**Exercise aim**
From the entries below, return exactly the lines beginning at the one that contains "Pöytäkynttiläpakkaus 4 kpl" and ending at the one that contains "Тайванське економічне диво.", both of them included, and only those lines.

**Entries provided**
##########
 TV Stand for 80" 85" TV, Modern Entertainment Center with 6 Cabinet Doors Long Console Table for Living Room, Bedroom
##########
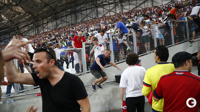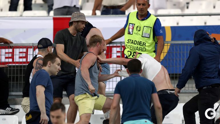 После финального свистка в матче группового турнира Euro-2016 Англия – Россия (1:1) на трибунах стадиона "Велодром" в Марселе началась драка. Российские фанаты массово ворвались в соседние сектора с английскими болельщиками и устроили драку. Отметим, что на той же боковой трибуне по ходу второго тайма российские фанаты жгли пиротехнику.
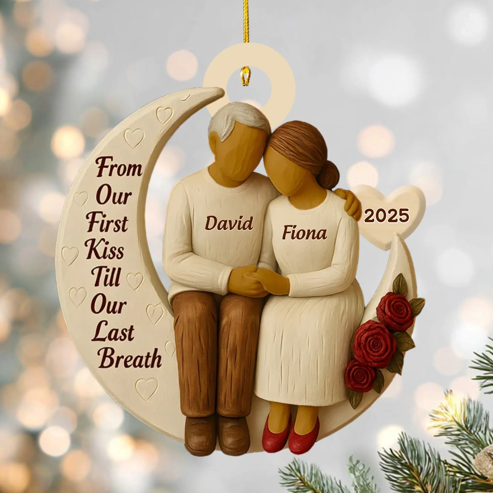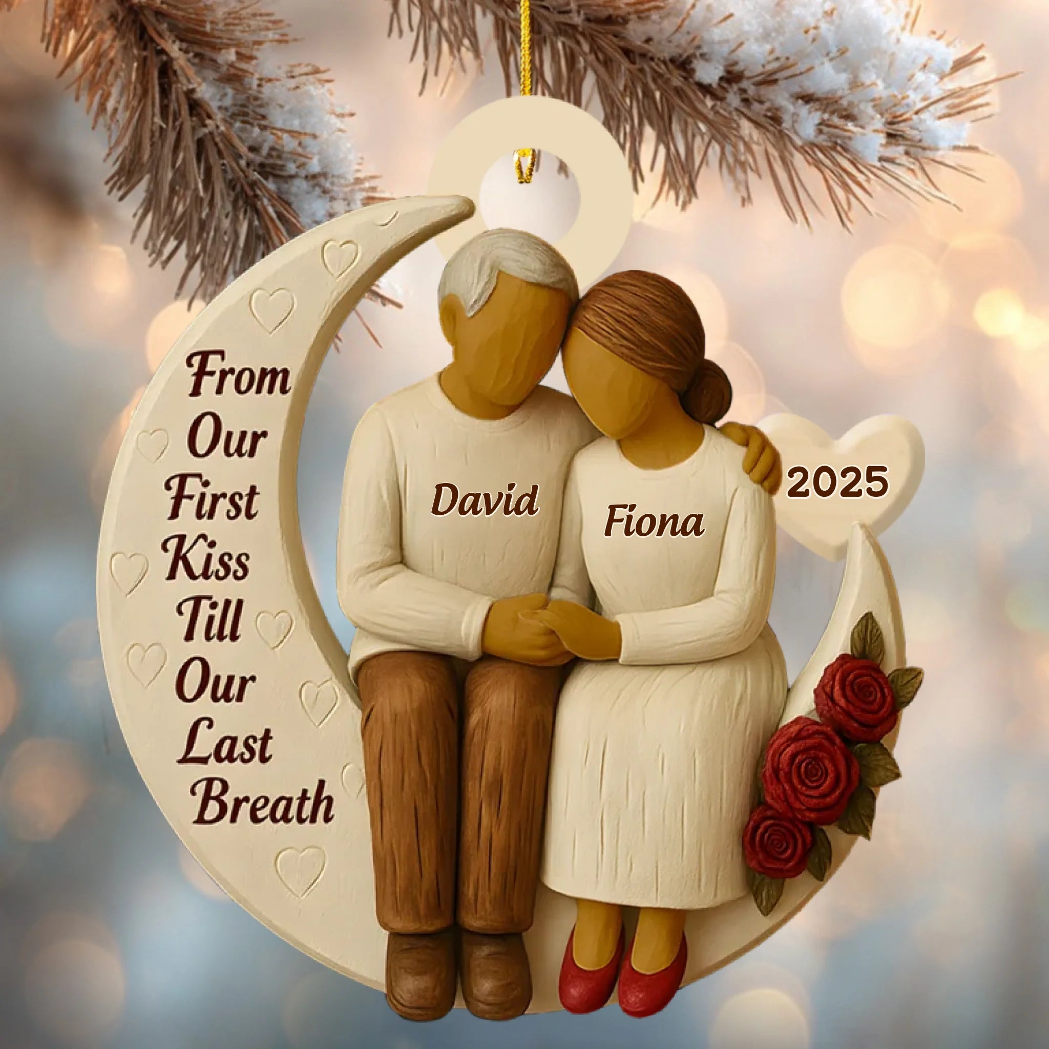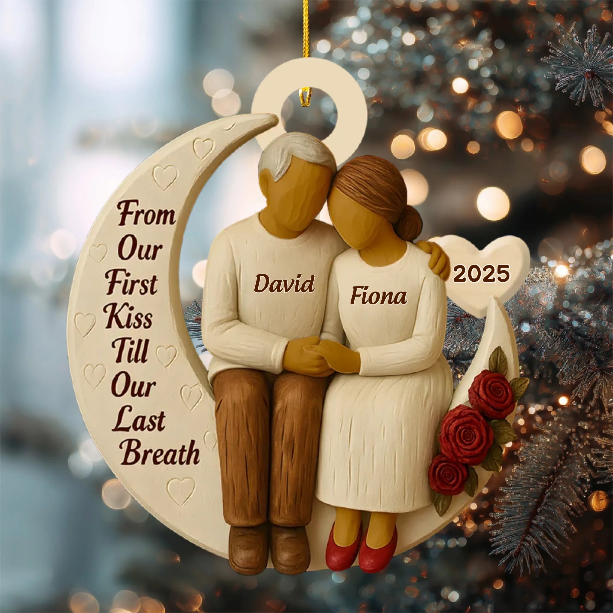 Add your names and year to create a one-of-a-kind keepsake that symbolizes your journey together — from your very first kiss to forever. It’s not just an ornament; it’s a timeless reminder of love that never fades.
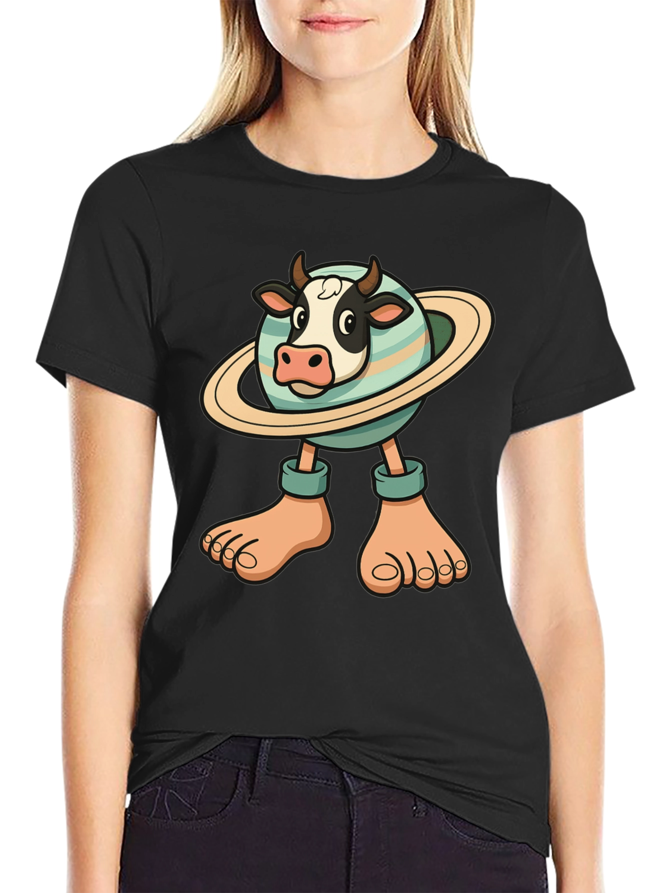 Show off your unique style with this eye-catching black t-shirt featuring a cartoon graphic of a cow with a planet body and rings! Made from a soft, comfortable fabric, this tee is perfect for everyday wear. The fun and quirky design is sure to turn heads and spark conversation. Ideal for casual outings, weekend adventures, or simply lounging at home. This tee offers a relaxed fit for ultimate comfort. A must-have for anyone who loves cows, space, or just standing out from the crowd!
##########
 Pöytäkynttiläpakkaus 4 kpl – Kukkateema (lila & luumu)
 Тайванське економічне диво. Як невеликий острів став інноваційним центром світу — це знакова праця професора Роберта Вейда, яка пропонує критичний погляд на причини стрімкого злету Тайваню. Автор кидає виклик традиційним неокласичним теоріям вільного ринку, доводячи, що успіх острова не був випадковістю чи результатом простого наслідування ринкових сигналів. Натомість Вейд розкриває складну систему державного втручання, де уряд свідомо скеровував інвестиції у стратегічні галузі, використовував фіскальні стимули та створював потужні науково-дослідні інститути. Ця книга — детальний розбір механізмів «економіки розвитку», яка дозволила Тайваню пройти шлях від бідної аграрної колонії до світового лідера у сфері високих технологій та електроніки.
##########
**Problem solution**
 Pöytäkynttiläpakkaus 4 kpl – Kukkateema (lila & luumu)
 Тайванське економічне диво. Як невеликий острів став інноваційним центром світу — це знакова праця професора Роберта Вейда, яка пропонує критичний погляд на причини стрімкого злету Тайваню. Автор кидає виклик традиційним неокласичним теоріям вільного ринку, доводячи, що успіх острова не був випадковістю чи результатом простого наслідування ринкових сигналів. Натомість Вейд розкриває складну систему державного втручання, де уряд свідомо скеровував інвестиції у стратегічні галузі, використовував фіскальні стимули та створював потужні науково-дослідні інститути. Ця книга — детальний розбір механізмів «економіки розвитку», яка дозволила Тайваню пройти шлях від бідної аграрної колонії до світового лідера у сфері високих технологій та електроніки.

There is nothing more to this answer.